The justice department announced on Monday that it's creating a $1.776bn fund to compensate Donald Trump's allies as part of a settlement in which Trump and his sons dropped a $10bn lawsuit against the IRS. This move has raised eyebrows, with critics calling it a slush fund. They're concerned that it won't be transparent.
Donald Trump, the President of the United States, and his sons had filed the lawsuit against the IRS. The lawsuit was related to the leak of Trump's tax returns to ProPublica and the New York Times by an IRS contractor, Charles Littlejohn. The settlement money will be overseen by five commissioners. Four of them will be appointed by the attorney general and can be removed by Trump. The fifth commissioner will be appointed in consultation with congressional leadership.
The fund also has the power to issue formal apologies. It will send a quarterly report to the US attorney general outlining who's been paid from the fund. According to a memo from Todd Blanche, the acting US attorney general, once the funds are deposited into the designated account, the United States won't have any liability for the protection or safeguarding of those funds.
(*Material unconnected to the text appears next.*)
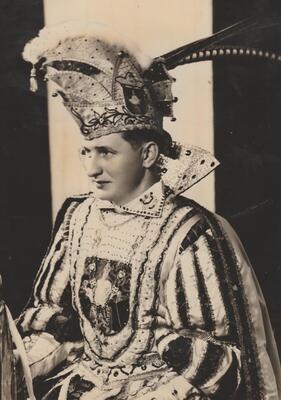 Schwarzweißfotografie. Diese Aufnahme zeigt Prinz Helmut I. von Hohenzollern (Helmut Zöller). Er war Karnevalsprinz im Bendorfer Karneval im Jahre 1956.
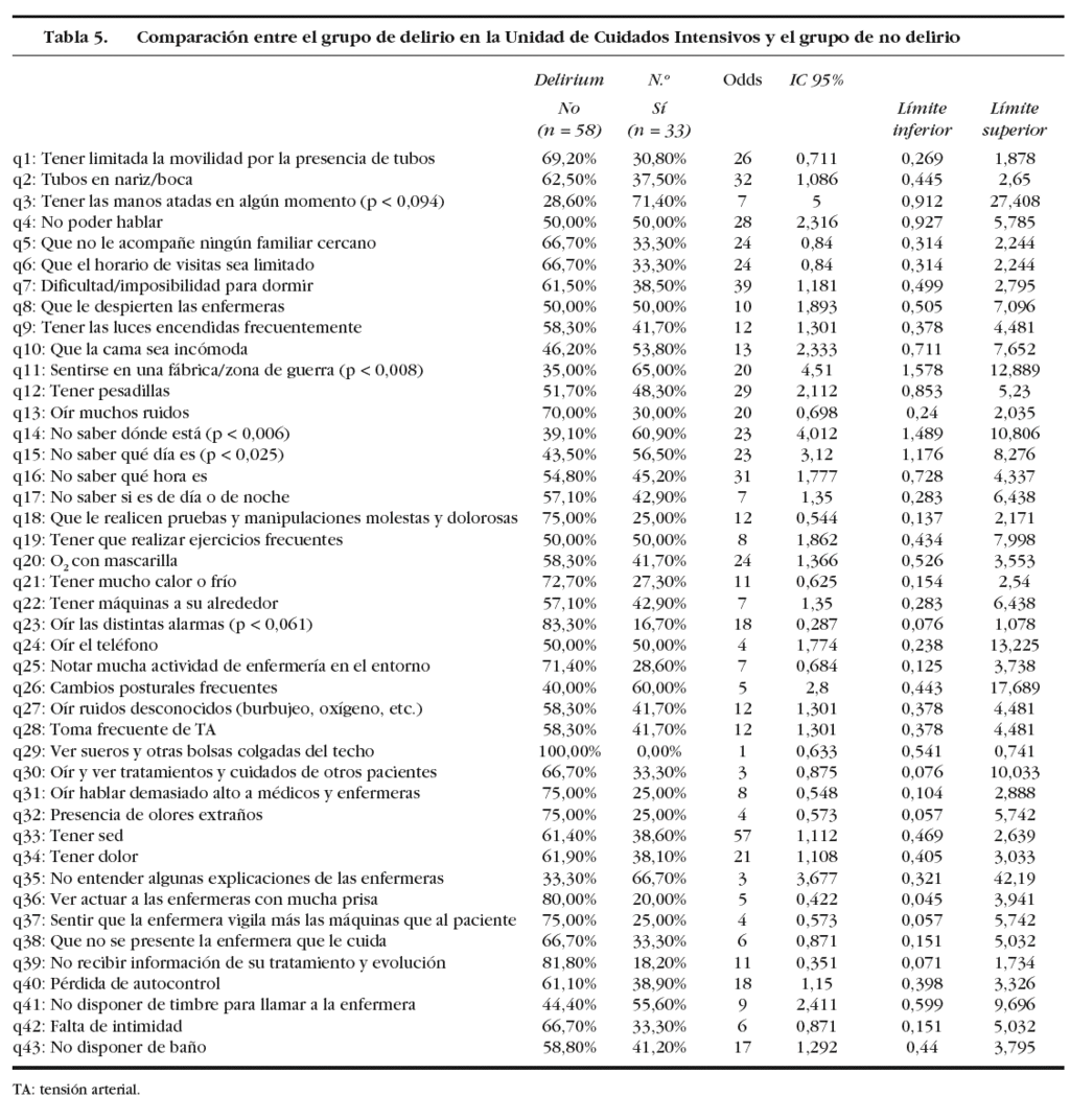 Los pacientes diagnosticados de delirio recordaron como situaciones estresantes: tener las manos atadas en algún momento (OR: 5; IC 95%: 1-27,5), sentirse en una fábrica o zona de guerra (OR: 4,5; IC 95%: 1,5-12,8), no saber dónde está (OR: 4; IC 95%: 1,5-10,8) y no saber qué día es (OR: 3,1; IC 95%: 1,1-8,2).

There don't appear to be any restrictions on who can seek compensation from the fund. This means that anyone can apply for compensation.
The machinery of government should never be weaponized against any American, and it's this Department's intention to make right the wrongs that were previously done while ensuring this never happens again, said Todd Blanche. As part of this settlement, we're setting up a lawful process for victims of lawfare and weaponization to be heard and seek redress. We're committed to making things right.
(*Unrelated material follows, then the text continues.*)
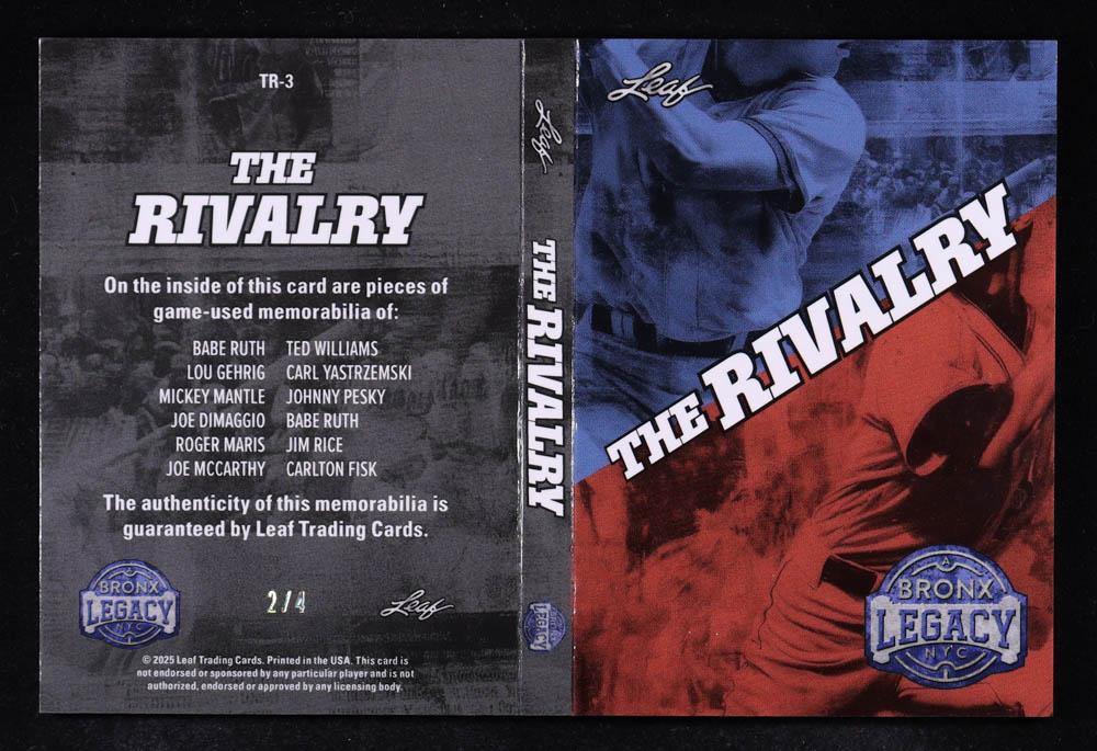 2025 Leaf The Rivalry A Bronx Legacy Game-Used Memorabilia Booklet Silver Sparkle with Babe Ruth / Ted Williams / Lou Gehrig / Carl Yastrzemski #TR3 #2/4
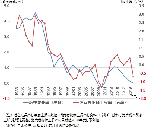 日本銀行は、コロナショックを受けた需給ギャップの悪化で物価上昇率は一時的に下振れしている、と説明しているが、この先、需給ギャップが改善していく場合でも、コロナショックを受けて潜在成長率がゼロ近傍に低下した状態が定着すれば、消費者物価上昇率の基調はやはりマイナスが定着することになる。

As part of the settlement, Trump will also drop claims for monetary damages against the government for a raid on Mar-a-Lago. He'll also drop claims related to the investigation into Russian meddling in the 2016 election. The Monday announcement came just two days ahead of a 20 May deadline. The judge overseeing the case had asked the parties for briefing on whether a legitimate controversy existed. This is a requirement for any lawsuit, especially since Trump controls the IRS.
The judge needed to know if there was a real controversy.
Ninety-three congressional Democrats, including Hakeem Jeffries, a Democratic leader of New York, filed an amicus brief with the court on Monday. They're saying that such a claim would be illegal. They argue that trying to hide this deal from the courts is corruption in plain sight. Trump is funneling taxpayer dollars to his political allies, and they'll hold him accountable. They'll block this billion-dollar giveaway at a time when Americans are already squeezed by inflation, said Andrew Warren, deputy legal director at the Democracy Defenders Fund.
He's concerned about the impact on taxpayers.
The settlement comes after US district judge Kathleen Williams, a Barack Obama appointee overseeing the case, appointed a group of lawyers to advise her. They were to determine if there was sufficient controversy in the case to proceed. Those attorneys filed their brief last week. They noted that there were numerous potential defenses the justice department could offer to push back against Trump's claims. There's reason to believe that the president is, in fact, exercising his control over the defendants in this litigation, they wrote.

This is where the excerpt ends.